Однажды экономка Прасковья Исаевна, рассердившись на Леву, ударила его по носу скатертью, которую тот случайно испачкал. Побледнев от ярости, укрывшись в зале, он думал: «По какому праву эта крепостная осмеливается говорить мне ты, мне, своему барину, и бить по лицу мокрой скатертью, как дворового мальчишку». Но ему нечего было возразить, когда слуга на конюшне упрекнул его за то, что отстегал старого коня Воронка, заставляя его идти. «Ах, барин! Нет в вас жалости!» Красный от стыда, Лева спустился на землю и, обняв животное, просил прощения за плохое обращение. Случалось, его оставлял в недоумении неожиданный разговор между взрослыми. Сосед Темяшев, приехав в Ясную Поляну, рассказывал, что отправил в солдаты на двадцать пять лет своего повара, который ел скоромное во время поста. Спустя некоторое время тот же Темяшев появился в гостиной зимним вечером, когда вся семья сидела за чаем при свете двух свечей. Почти вбежав, бросился на колени; его длинная трубка, которую он держал в руках, ударилась об пол, из нее полетели искры; в сумраке Лева различил взволнованное лицо. Не вставая с колен, гость объяснил Николаю Ильичу, что привел с собой незаконнорожденную дочь Дунечку, чтобы тот ее воспитал. Все это сопровождалось заключением определенного договора. Закоренелый холостяк, богач, не знавший, на что еще потратить деньги, отец двух внебрачных детей, Темяшев хотел оставить им часть своего состояния, тогда как по закону наследницами его были сестры. Чтобы обойти это препятствие, он придумал оформить фиктивную продажу одного своего имения Николаю Ильичу с тем, чтобы после его смерти Толстой продал его и отдал сиротам триста тысяч рублей. Обмен бумагами состоялся немедленно вследствие взаимного доверия. Не слишком умная плакса Дунечка осталась в доме. Ее сопровождала кормилица Евпраксия, старая, крупная, костлявая, морщинистая женщина, «с висячим у подбородка, как у индейских петухов, кадычком, в котором был шарик», она давала детям потрогать его.

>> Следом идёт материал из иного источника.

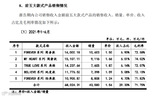 从具体产品的毛利率来看,2021年上半年,其销售收入排名第一的产品为FOREVER系列简奢款,成本仅为4000元左右,售价却高达1.5万元,毛利率超过72%。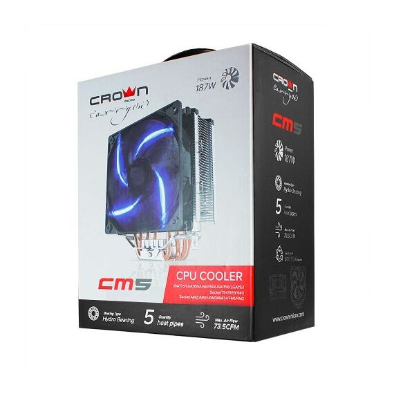 Кулер CROWN CM-5 CM000001649 Intel и AMD, TDP до 187 Вт, 5шт. теплопр. трубок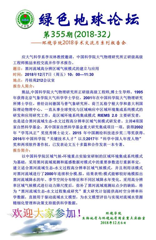绿色地球论坛第355期(2018-32) ——beat365中文官方网站2018学术交流月系列报告会 题目:黑河流域高分辨区域气候模式的建立与应用 时间:2018年12月7日(周五)10:00—11:30 地点:丹桂苑212会议室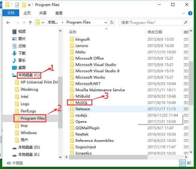 step3:本人安装目录在C盘,首先打开C:\Program Files,删除MySQL文件夹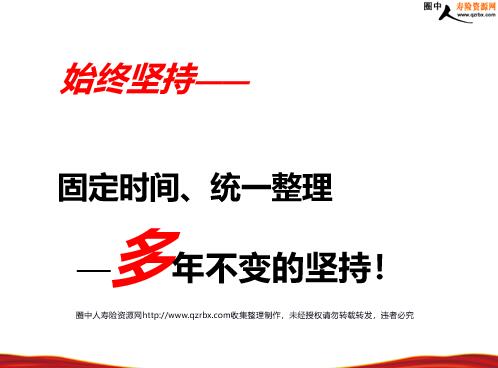 好习惯的养成来自固定统一与坚持 好习惯的养成来自—— 固定、统一、坚持 固定时间—— 月底总结与计划会重要节假日前十天公司回馈客户活动时团队重大业务竞赛时产品上市或停售时 月底总结与计划会 统一整理—— 补充完善两个档案 —整理上月工作日志,补充准客户名单,完善老客户信息确定下月服务对象 —整理档案,将生日、家庭纪念日、续收到期客户名单填入下月对应工作日志中,做服务提醒 操作流程 确定下月拜访对象 —整理档案,结合下月目标,理出30个以上准客户名单,分析准客户信息,制定下月拜访计划主管检查与辅导 —目标与准客户是否匹配 —帮助确定几个重点客户,做详细分析 帮助员工养成总结与计划的习惯第一时间明确下月目标,工作更有方向拟订了拜访计划,工作效率会更高目标与客户相连接,达成更有信心 月底统一整理档案作用—— 固定时间在26日下午要求全员出勤结合自身目标,整理准客户名单30个以上定期邀请优秀典型分享 改进方向—— 重要节假日前十天 统一整理—— 操作流程—— 请优秀典型分享端午节服务客户的重要性指导大家整理客户档案,进行客户分类 —先按有无购买xx产品来分类 —再按已缴保费多少来分类 —按不同客户确定不同的服务策略业务经理现场做电话约访及拜访演练全员通关 没有统一、精细的客户档案整理,就没有此次客户服务的成功每一次客户档案的统一整理,都会给团队伙伴创造新的销售机会 活动启示—— 客户档案,是员工取之不尽的宝藏 固定的时间还有—— 公司回馈客户活动时团队重大业务竞赛时产品上市或停售时 固定时间、统一整理 —多年不变的坚持!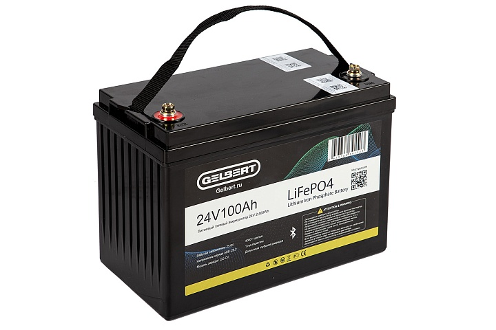 Литиевый тяговый аккумулятор Gelbert LiFePO4 (24V/100Ah/120А/2,400Wh) Bluetooth в Москве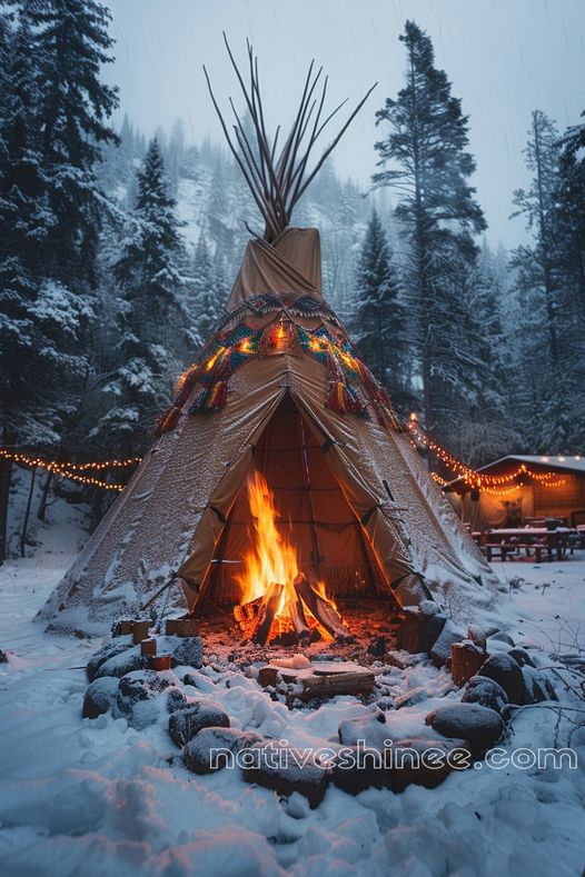 This striking canvas captures the peaceful serenity of a snowy winter night, where a traditional Native American teepee glows warmly in the midst of a cold, snowy forest. Decorated with colorful lights and illuminated by a central fire, the teepee radiates a sense of warmth, community, and tradition. The snow gently falls around the camp, creating a magical winter wonderland. Perfect for those who seek a reminder of the beauty of nature and the comfort of togetherness, even in the harshest environments. This artwork evokes both tranquility and the timeless connection to Native American culture and the natural world.

«Вернутся ли когда-нибудь та свежесть, беззаботность, потребность любви и сила веры, которыми обладаешь в детстве? – напишет Лев Толстой. – Какое время может быть лучше того, когда две лучшие добродетели – невинная веселость и беспредельная потребность любви – были единственными побуждениями в жизни?» Несмотря на разочарования, которые заставляли испытывать его взрослые, маленький мальчик был убежден, что его семья и весь остальной мир беспрестанно обмениваются нежностью. Укрывшись одеялом, при свете лампады он думал: «Я люблю няню, няня любит меня и Митеньку, а я люблю Митеньку, а Митенька любит меня и няню; няня любит тетушку Toinette, и меня, и отца; и все любят, и всем хорошо». Но если всем хорошо и все счастливы, то как объяснить, что Христос умер распятым на кресте?
«– Тетя, за что же его мучили?
– Злые люди были.
– Да ведь он был добрый. За что они его били? Больно было. Тетя, больно ему было?»[15]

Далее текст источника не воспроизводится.